Episode 7: Festivals 
For the signature challenge, the bakers were asked to make 24 buns with the theme of a festival or holiday from around the world. For the technical challenge, Paul tasked the bakers with a deep fried pastry treat traditionally served during the Italian Carnevale, 12 Sicilian Cassatelles. For the showstopper challenge, the bakers were set with the complex task of making a kek lapis Sarawak, a traditional layered Malaysian cake.

Episode 8: Pastry 
For the signature challenge, the bakers were tasked to do a savoury twist on a usually sweet French classic, Tarte Tatin. For the technical challenge, the bakers were given the challenging task of recreating a Moroccan Pie made from warka pastry (also known as brik pastry). For the showstopper challenge, the bakers were asked to create a vertical pie consisting of at least two separate pies.

Episode 9: Pâtisserie (Semi-final) 
For the signature challenge, the bakers had 2 1/2 hours to make eight identically decorated domed tarts. Prue's technical challenge was making a Gâteau Saint Honoré, a French classic involving both choux and puff pastry, plus a large amount of cream fillings, all in 3 1/2 hours. For the showstopper challenge, the bakers were given the difficult task of making a sugar glass display case, enclosing a display of pâtisserie or other lavish baked goods, in 4 1/2 hours.

Episode 10: Final 
For the final signature challenge, the remaining three bakers were given 2 hours to create the ultimate chocolate cake, that should be rich in chocolate and be beautifully decorated. For the final technical challenge, set by Paul, the bakers were given 1 hour 10 minutes to create six twice-baked Stilton Soufflés, each served with a lavash cracker. For the final showstopper challenge, the bakers were required to create a deceptive illusion picnic basket feast composed of cakes, biscuits and enriched breads that were presented to look like something else, in 4 1/2 hours.

Specials 
Two festive specials were commissioned during Christmas Day and New Year’s Day.

The Great Christmas Bake Off 
The Great Christmas Bake Off featured Briony Williams and Terry Hartill from Series 9, along with Tom Hetherington and Yan Tsou from Series 8. The special was won by Briony Williams.

The returning bakers were first asked to make 24 festive cake pops in the signature challenge. They then faced the technical challenge set by Paul, where they had to recreate a festive sausage roll wreath. For the festive showstopper challenge, the bakers were given the task of constructing a 3D gingerbread building, topped off with at least two different types of confectionery.

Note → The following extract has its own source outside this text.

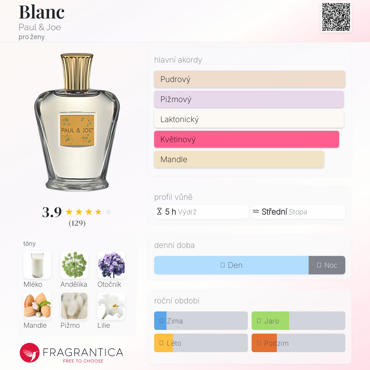 Blanc podle Paul & Joe je Floral vůně pro ženy. Blanc byl/a uveden/a v roce 2003. "Nosem" za touto vůní je Jean-Claude Ellena. Vrchní tóny jsou Andělika, Mandle a Hloh; střední tóny jsouLilie, Hrachor, Frézie a Růže ; základní tóny jsou Mléko, Otočník a Pižmo.
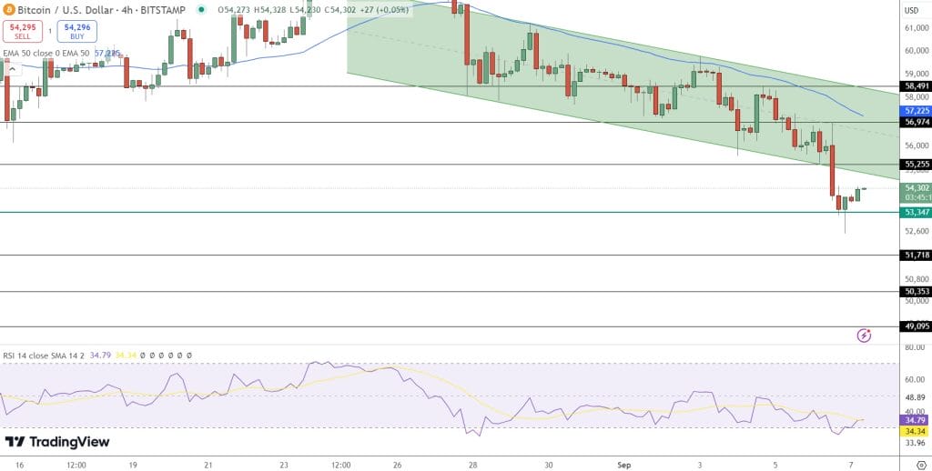 - 立即阻力位在55,250美元,支撐位在53,350美元。

The Great Festive Bake Off 
The Great Festive Bake Off saw the cast of Derry Girls (Saoirse-Monica Jackson, Nicola Coughlan, Jamie-Lee O’Donnell, Dylan Llewellyn and Siobhan McSweeney) take on the three challenges on New Years Day.

Post-show careers 
David Atherton published a cookbook after winning the series. Released in 2020, it is a children's cookbook titled My First Cookbook.  Follow-up versions My First Green Cookbook and Bake, Make and Learn to Cook released in 2021. In May 2021, Atherton released Good to Eat, which focuses on delivering healthy twists to classic recipes. 

Steph Blackwell contributed to The Big Book of Amazing Cakes, and published her own cookbook, The Joy of Baking, in 2021.

Ratings
The first episode drew an overnight audience of 5.7 million, down 400,000 from the previous series, but with a higher audience share in its time slot than the previous launch at 30.6%.  The overnight ratings for the final episode dropped by over half a million compared to the previous series with an average audience of 6.9 million viewers.